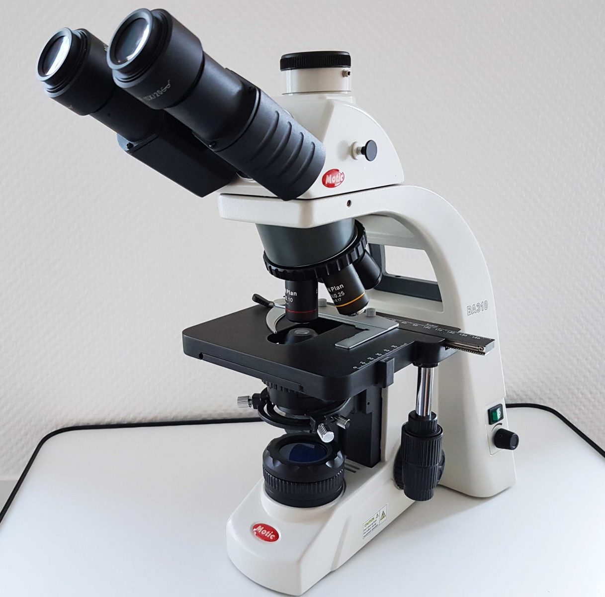 ich biete ein gebrauchtes, aber in gutem Zustand befindliches modernes trinokulares Labormikroskop Motic BA 310. Das Mikroskop ist mit vier Plan-Objektiven (4x, 10x, 20x und 40x) und zwei 10x-Großfeldokularen ausgestattet. Es verfügt über eine helle Halogenbeleuchtung, Konverisonsfilter und ist voll köhlerbar(!), also auch mit einer Leuchtfeldblende ausgestattet.
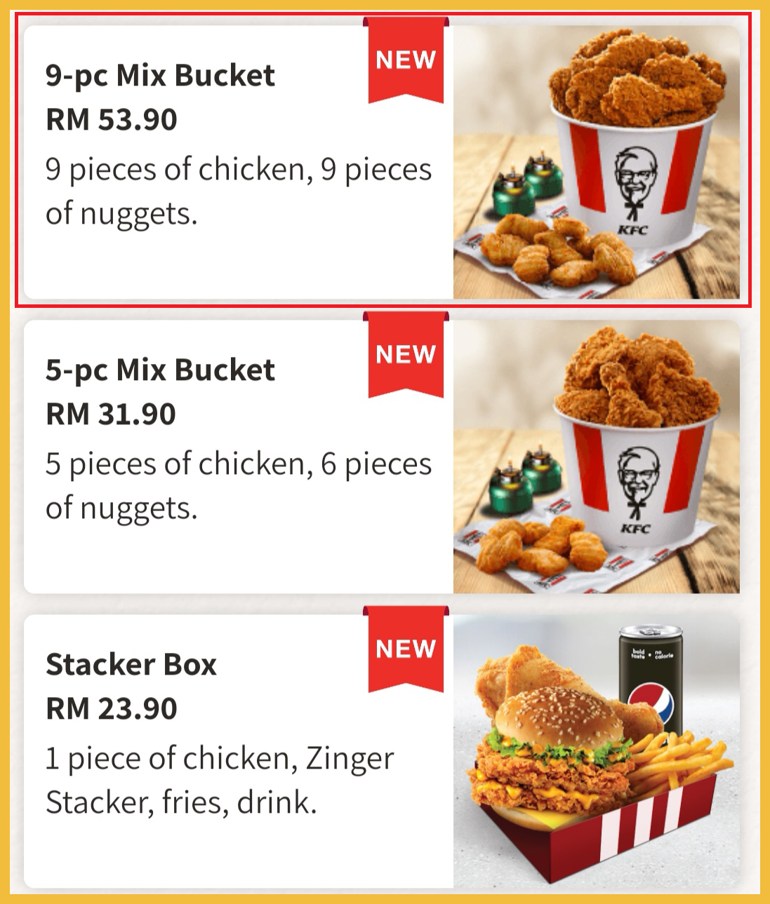 ▼ 步骤 2:选择餐点(需超过 RM25)!比如:1份9块炸鸡的Mix Bucket(原价 RM53.90)。
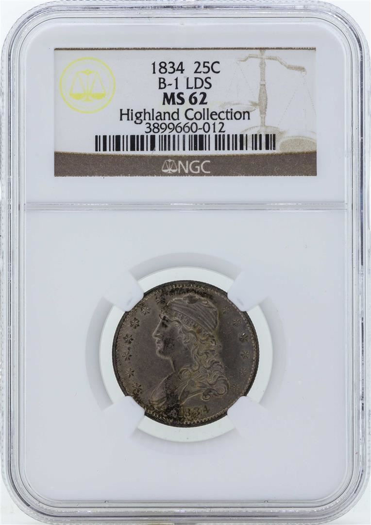 One 1834 Capped Bust Quarter B-1 LDS Coin NGC MS62. NGC Certified.
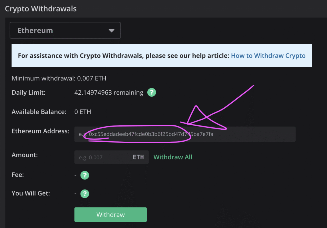 You would then INPUT this address into the CRYPTO WITHDRAWAL section, as shown in the picture above.
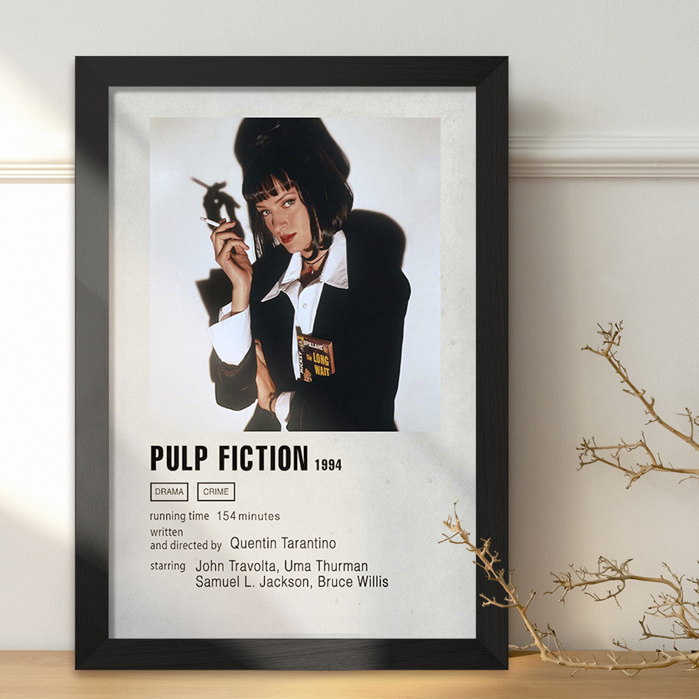 تابلو یا قاب عکس پالپ فیکشن (Pulp Fiction) خندالو در ابعاد مختلف با استفاده از بهترین برند پروفیل پی وی سی دو سانتی متری بسیار مرغوب، تولید شده اند و در مونتاژ و نصب آنها نهایت دقت در قرارگیری هر چه دقیق تر لبه ها به یکدیگر صورت گرفته است. همچنین در پشت قاب ها گیره ای برای اتصال راحت به دیوار تعبیه شده است.
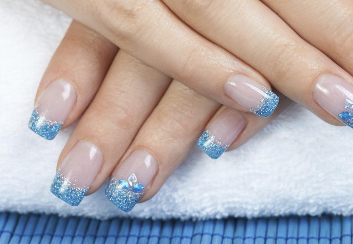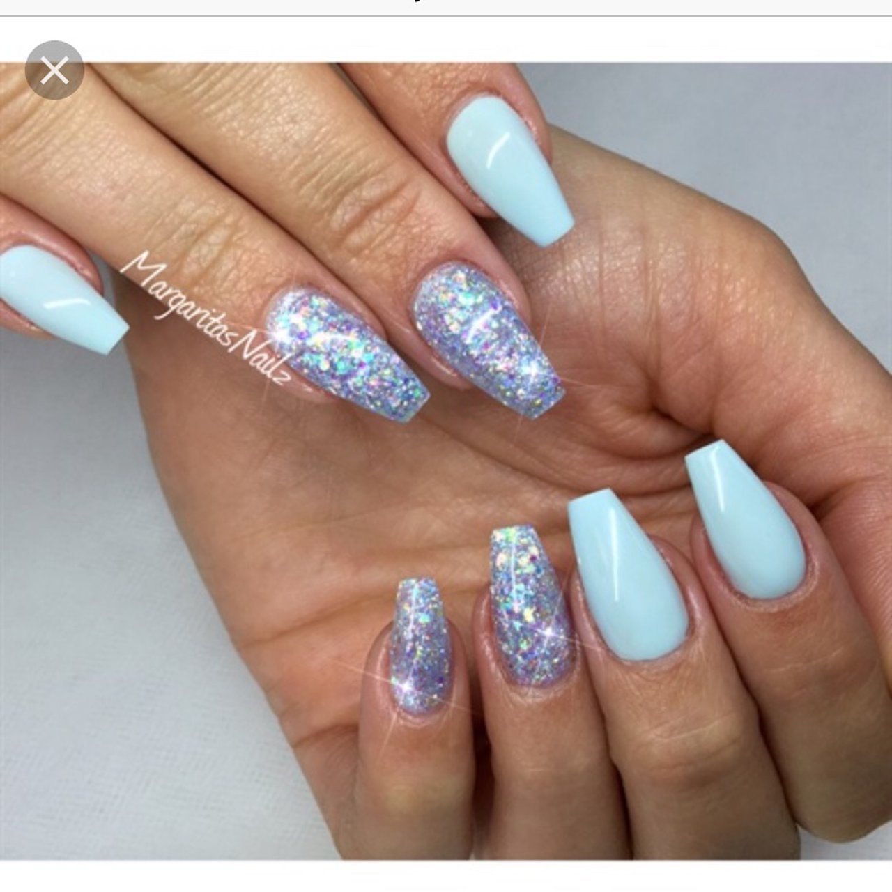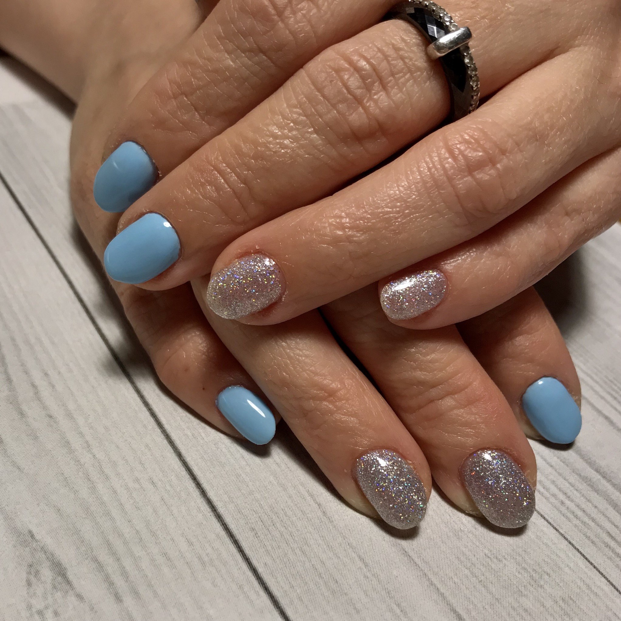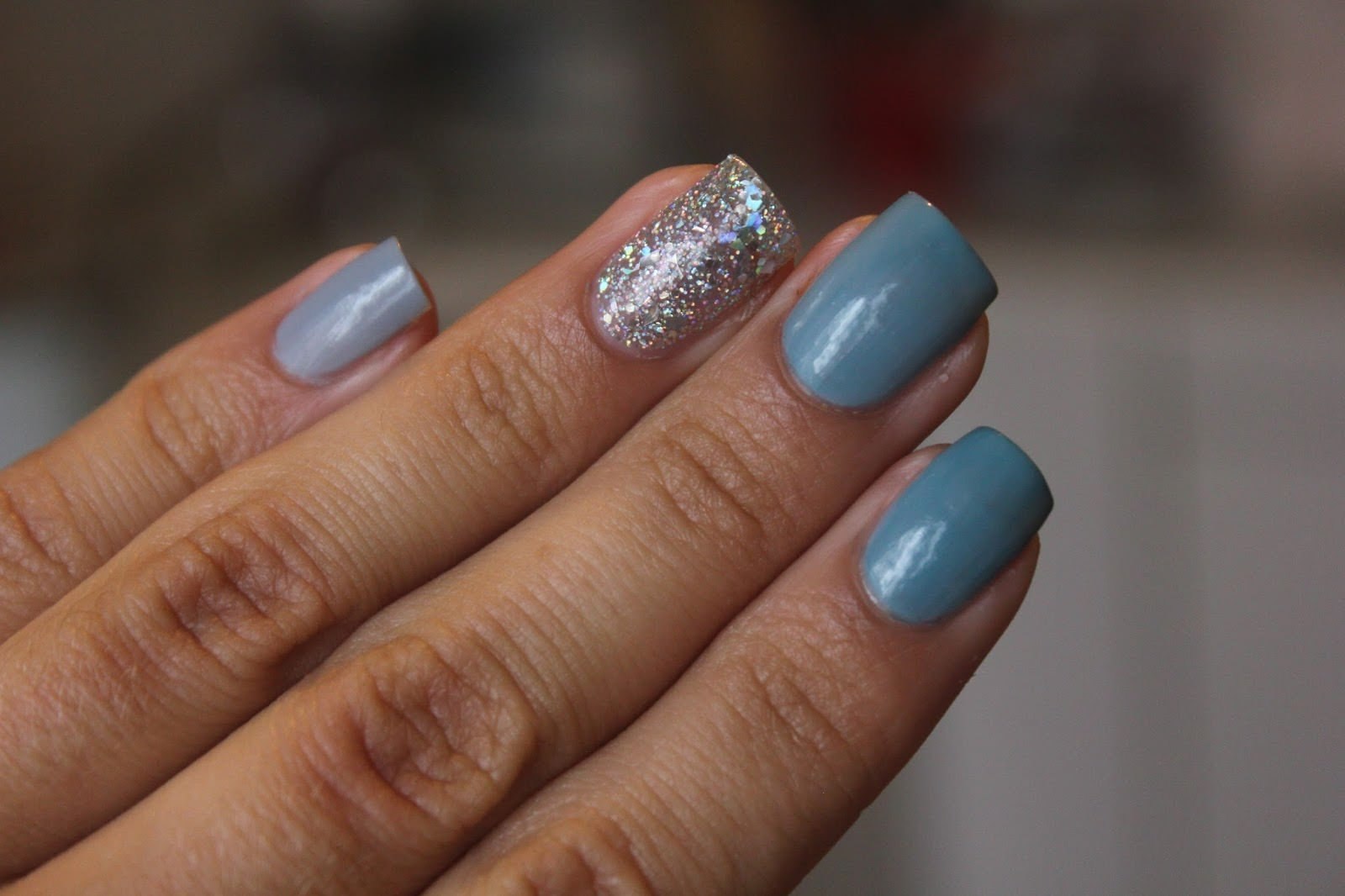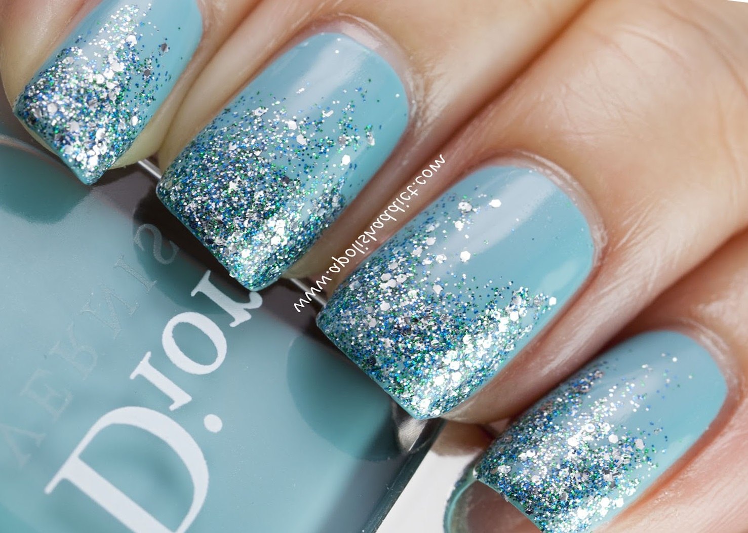 Маникюр дизайн нежный голубой с блестками (46 фото)

- **REQUIREMENT**:
Emit the lines of the data above from the one containing "تابلو یا قاب" through its final line, both endpoints included. Pictures do not belong in the output.

- **ANSWER TO THIS PROBLEM**:
 تابلو یا قاب عکس پالپ فیکشن (Pulp Fiction) خندالو در ابعاد مختلف با استفاده از بهترین برند پروفیل پی وی سی دو سانتی متری بسیار مرغوب، تولید شده اند و در مونتاژ و نصب آنها نهایت دقت در قرارگیری هر چه دقیق تر لبه ها به یکدیگر صورت گرفته است. همچنین در پشت قاب ها گیره ای برای اتصال راحت به دیوار تعبیه شده است.
 Маникюр дизайн нежный голубой с блестками (46 фото)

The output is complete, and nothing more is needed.